In the copy, include all of the listing exactly and none of its pictures.

▬▬▬▬▬▬

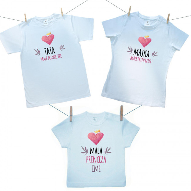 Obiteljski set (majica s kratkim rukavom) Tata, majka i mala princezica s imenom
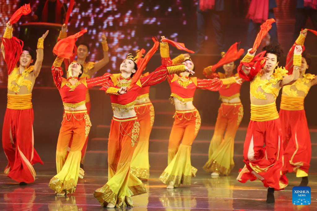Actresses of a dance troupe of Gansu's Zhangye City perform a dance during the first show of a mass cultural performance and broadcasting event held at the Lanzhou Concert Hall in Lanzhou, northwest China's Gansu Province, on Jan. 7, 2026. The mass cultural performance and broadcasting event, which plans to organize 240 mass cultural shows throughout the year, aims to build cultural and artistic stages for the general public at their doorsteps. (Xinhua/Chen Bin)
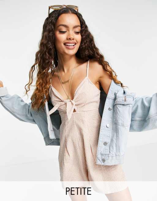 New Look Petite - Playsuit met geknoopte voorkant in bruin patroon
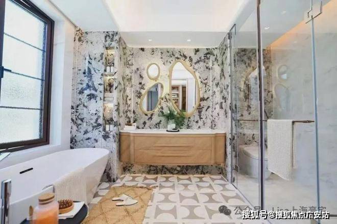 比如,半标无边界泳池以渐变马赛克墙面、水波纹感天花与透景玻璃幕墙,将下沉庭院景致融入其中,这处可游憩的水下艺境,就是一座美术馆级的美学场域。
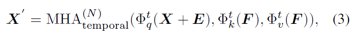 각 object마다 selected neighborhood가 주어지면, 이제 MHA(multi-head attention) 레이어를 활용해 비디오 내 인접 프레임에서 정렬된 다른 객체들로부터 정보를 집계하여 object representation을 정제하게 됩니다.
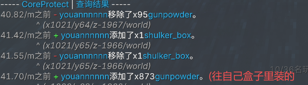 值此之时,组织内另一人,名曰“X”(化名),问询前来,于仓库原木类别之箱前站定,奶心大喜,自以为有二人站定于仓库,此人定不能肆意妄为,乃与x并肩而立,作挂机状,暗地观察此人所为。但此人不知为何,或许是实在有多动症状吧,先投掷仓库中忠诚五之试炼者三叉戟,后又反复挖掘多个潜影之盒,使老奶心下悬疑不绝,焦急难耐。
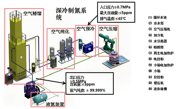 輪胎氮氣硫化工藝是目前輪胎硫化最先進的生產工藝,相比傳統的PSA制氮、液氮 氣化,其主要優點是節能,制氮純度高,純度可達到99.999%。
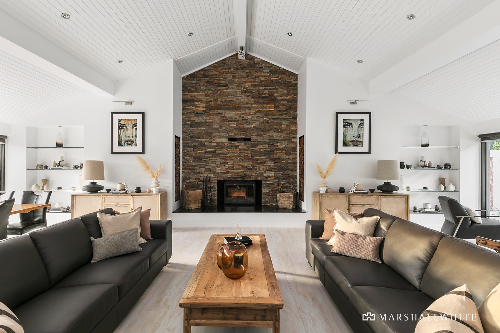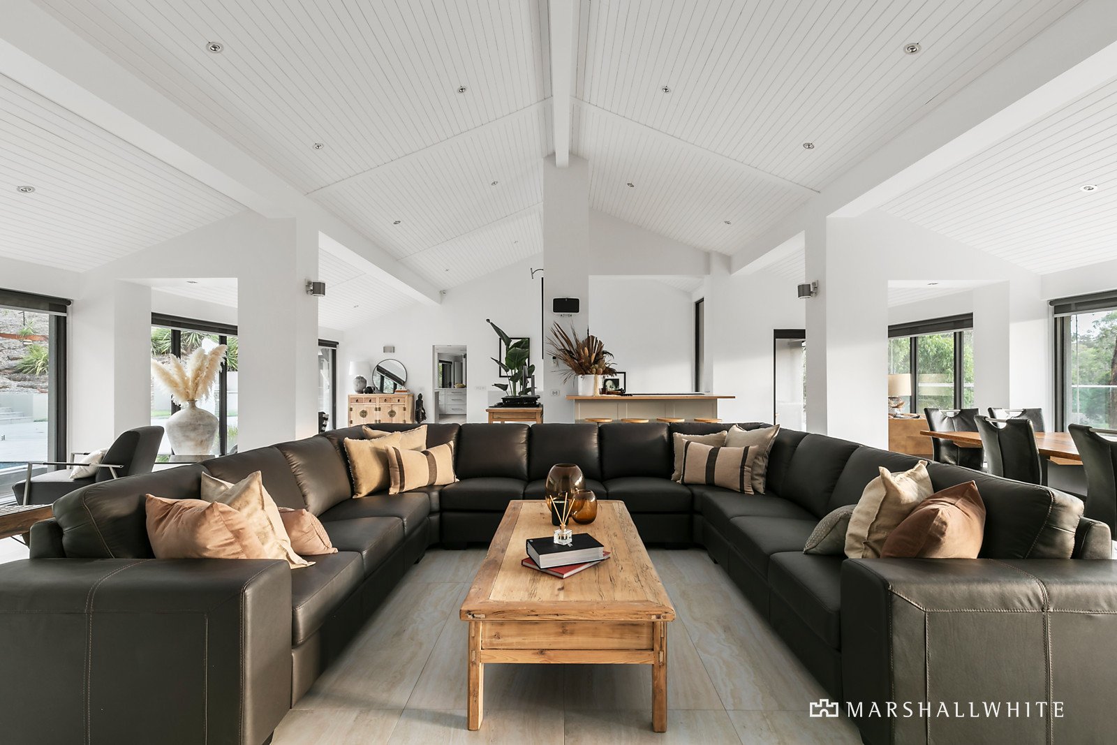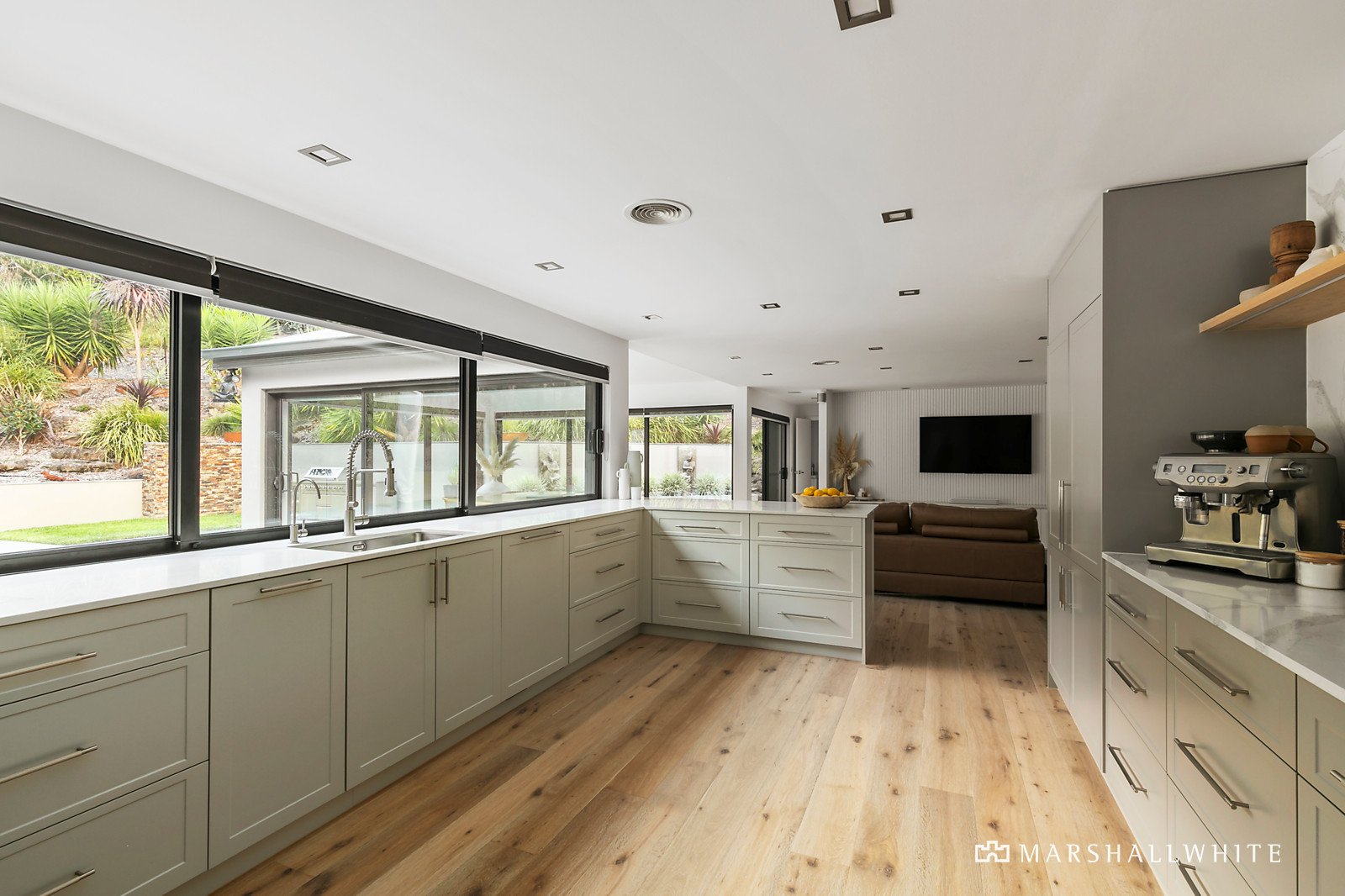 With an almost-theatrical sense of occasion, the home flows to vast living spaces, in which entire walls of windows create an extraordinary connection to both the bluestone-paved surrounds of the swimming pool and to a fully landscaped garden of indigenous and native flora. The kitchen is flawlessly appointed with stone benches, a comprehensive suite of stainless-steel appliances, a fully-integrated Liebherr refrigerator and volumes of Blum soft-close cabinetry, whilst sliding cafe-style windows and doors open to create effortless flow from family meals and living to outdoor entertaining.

▬▬▬▬▬▬

TASK RESPONSE:
 Obiteljski set (majica s kratkim rukavom) Tata, majka i mala princezica s imenom
Actresses of a dance troupe of Gansu's Zhangye City perform a dance during the first show of a mass cultural performance and broadcasting event held at the Lanzhou Concert Hall in Lanzhou, northwest China's Gansu Province, on Jan. 7, 2026. The mass cultural performance and broadcasting event, which plans to organize 240 mass cultural shows throughout the year, aims to build cultural and artistic stages for the general public at their doorsteps. (Xinhua/Chen Bin)
 New Look Petite - Playsuit met geknoopte voorkant in bruin patroon
 比如,半标无边界泳池以渐变马赛克墙面、水波纹感天花与透景玻璃幕墙,将下沉庭院景致融入其中,这处可游憩的水下艺境,就是一座美术馆级的美学场域。
 각 object마다 selected neighborhood가 주어지면, 이제 MHA(multi-head attention) 레이어를 활용해 비디오 내 인접 프레임에서 정렬된 다른 객체들로부터 정보를 집계하여 object representation을 정제하게 됩니다.
 值此之时,组织内另一人,名曰“X”(化名),问询前来,于仓库原木类别之箱前站定,奶心大喜,自以为有二人站定于仓库,此人定不能肆意妄为,乃与x并肩而立,作挂机状,暗地观察此人所为。但此人不知为何,或许是实在有多动症状吧,先投掷仓库中忠诚五之试炼者三叉戟,后又反复挖掘多个潜影之盒,使老奶心下悬疑不绝,焦急难耐。
 輪胎氮氣硫化工藝是目前輪胎硫化最先進的生產工藝,相比傳統的PSA制氮、液氮 氣化,其主要優點是節能,制氮純度高,純度可達到99.999%。
 With an almost-theatrical sense of occasion, the home flows to vast living spaces, in which entire walls of windows create an extraordinary connection to both the bluestone-paved surrounds of the swimming pool and to a fully landscaped garden of indigenous and native flora. The kitchen is flawlessly appointed with stone benches, a comprehensive suite of stainless-steel appliances, a fully-integrated Liebherr refrigerator and volumes of Blum soft-close cabinetry, whilst sliding cafe-style windows and doors open to create effortless flow from family meals and living to outdoor entertaining.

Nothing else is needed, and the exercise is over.